Arslandan (korkup) kaçmıştır. (51)
74/MUDDESSİR-52: Bel yurîdu kullumriin minhum en yu’tâ suhufen muneşşeraten.
Hayır, onların hepsi, kendileri için yazılmış sahifeler gelmesini ister. (52)
74/MUDDESSİR-53: Kellâ, bel lâ yuhâfûnel âhıraten.
Hayır, bilâkis, onlar ahiretten korkmuyorlar. (53)
74/MUDDESSİR-54: Kellâ innehu tezkiratun.
Hayır, muhakkak ki O, bir Zikir’dir (Öğüt’tür). (54)
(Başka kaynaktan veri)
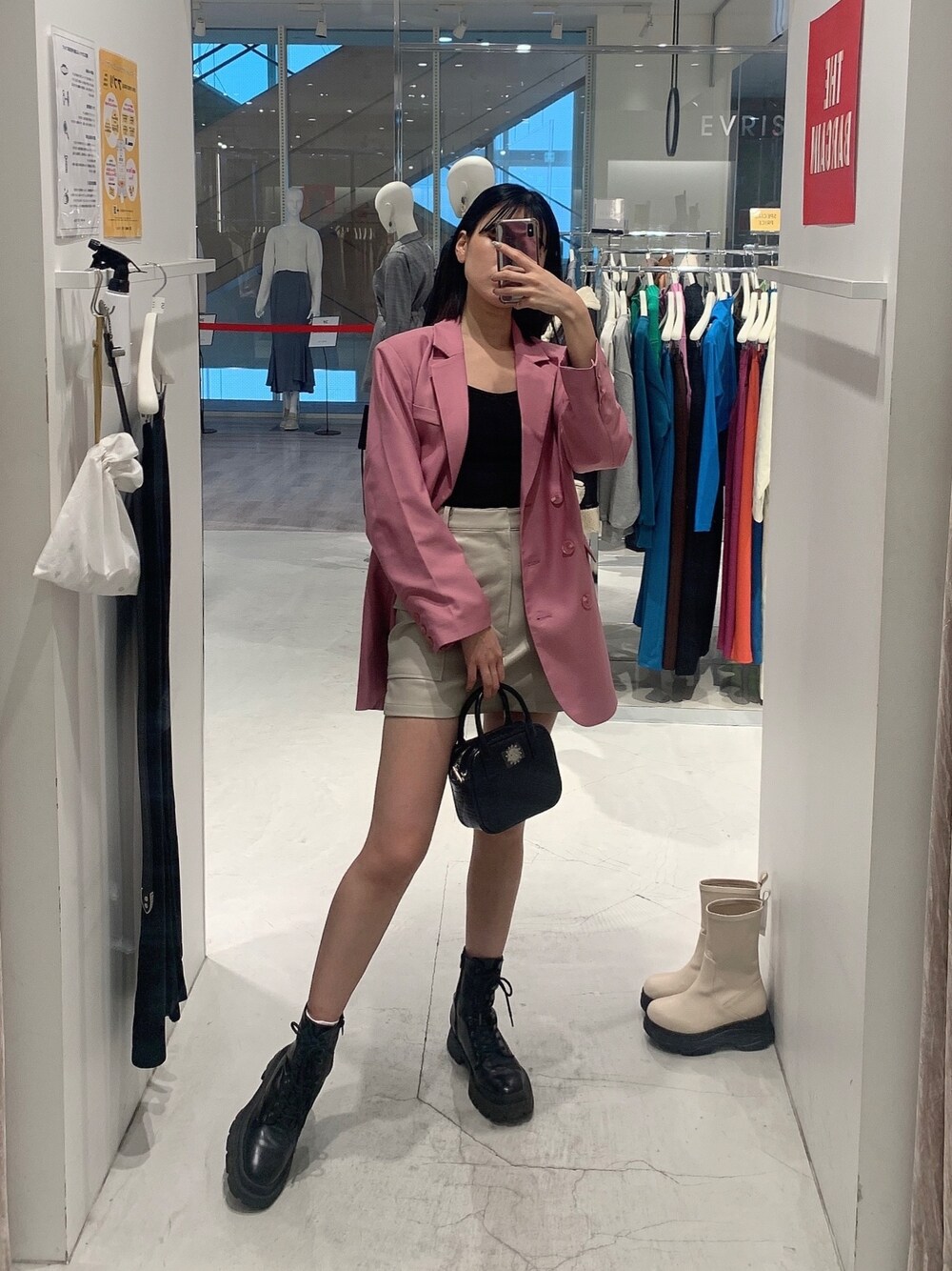 春先取りコーデ❤︎【ジャケット】ピンクカラーが一気に春コーデへと染まるジャケット❤︎オーバーサイズですがテロッとした質感なので華奢見え出来ます✴︎【スカート】毎年大人気のポケット付スカートシリーズが今年も登場❤︎ウエストがタイトで着痩せ効果◎166cmの丈感です。【バッグ】ハンドとショルダーの2wayでお使い頂けます❤︎コロンとしたシルエットがコーデのアクセントになります✌︎ 【ブーツ】見た目とは裏腹な軽量ブーツ✴︎フィットする足首のシルエットがミニボトムやワンピースとも好相性に合わせれます❤︎リピート買いしたいくらいスタッフからの支持率も高い大人気のブーツです!

74/MUDDESSİR-55: Fe men şâe zekerehu.
Artık kim dilerse, O’nu zikreder. (55)
74/MUDDESSİR-56: Ve mâ yezkurûne illâ en yeşâallâhu, huve ehlut takvâ ve ehlul magfirati.
Allah’ın dilediğinden başkası O’nu zikredemez. O (O’nun dilediği kimse), takva sahibidir ve mağfiret ehlidir (günahları sevaba çevrilmiş olan kimsedir). (56)

KIYÂME Suresi

Bismillâhirrahmânirrahîm

75/KIYÂME-1: Lâ uksimu bi yevmil kıyâmeti.
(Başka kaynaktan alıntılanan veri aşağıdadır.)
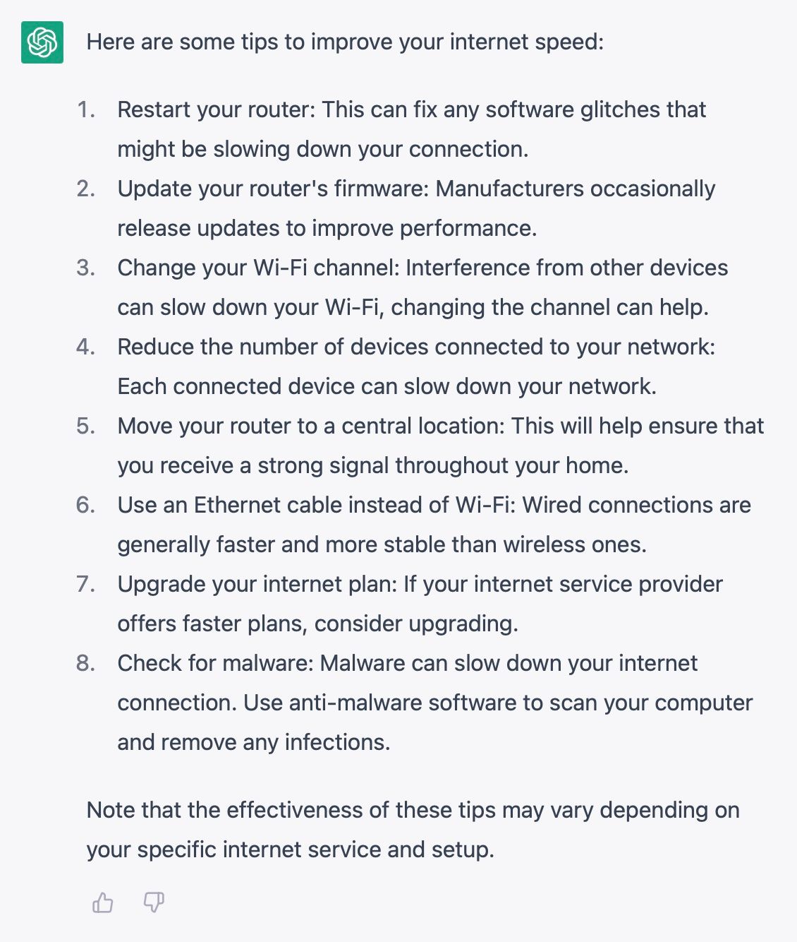 Test 3: "how do i improve my internet speed?"

Hayır, kıyâmet gününe yemin ederim. (1)
75/KIYÂME-2: Ve lâ uksimu bin nefsil levvâmeti.
Ve hayır, levvame (kınayan) nefse yemin ederim. (2)
75/KIYÂME-3: E yahsebul insânu ellen necmea ızâmehu.
İnsan (öldükten sonra) onun kemiklerini asla biraraya getiremeyeceğimizi mi sanıyor? (3)
75/KIYÂME-4: Belâ kâdirîne alâ en nusevviye benânehu.
Hayır, Biz, onun parmak uçlarını bile yeniden düzenlemeye kaadiriz. (4)
75/KIYÂME-5: Bel yurîdul insânu li yefcure emâmehu.
Hayır, insan, önündeki (zamanı) fısk ve fücur ile geçirmeyi ister. (5)
75/KIYÂME-6: Yes’elu eyyâne yevmul kıyâmeti.
“Kıyâmet günü ne zaman?” diye sorar. (6)
75/KIYÂME-7: Fe izâ berikal basar(basaru).
Artık bakışlar dehşetle kamaştığı zaman. (7)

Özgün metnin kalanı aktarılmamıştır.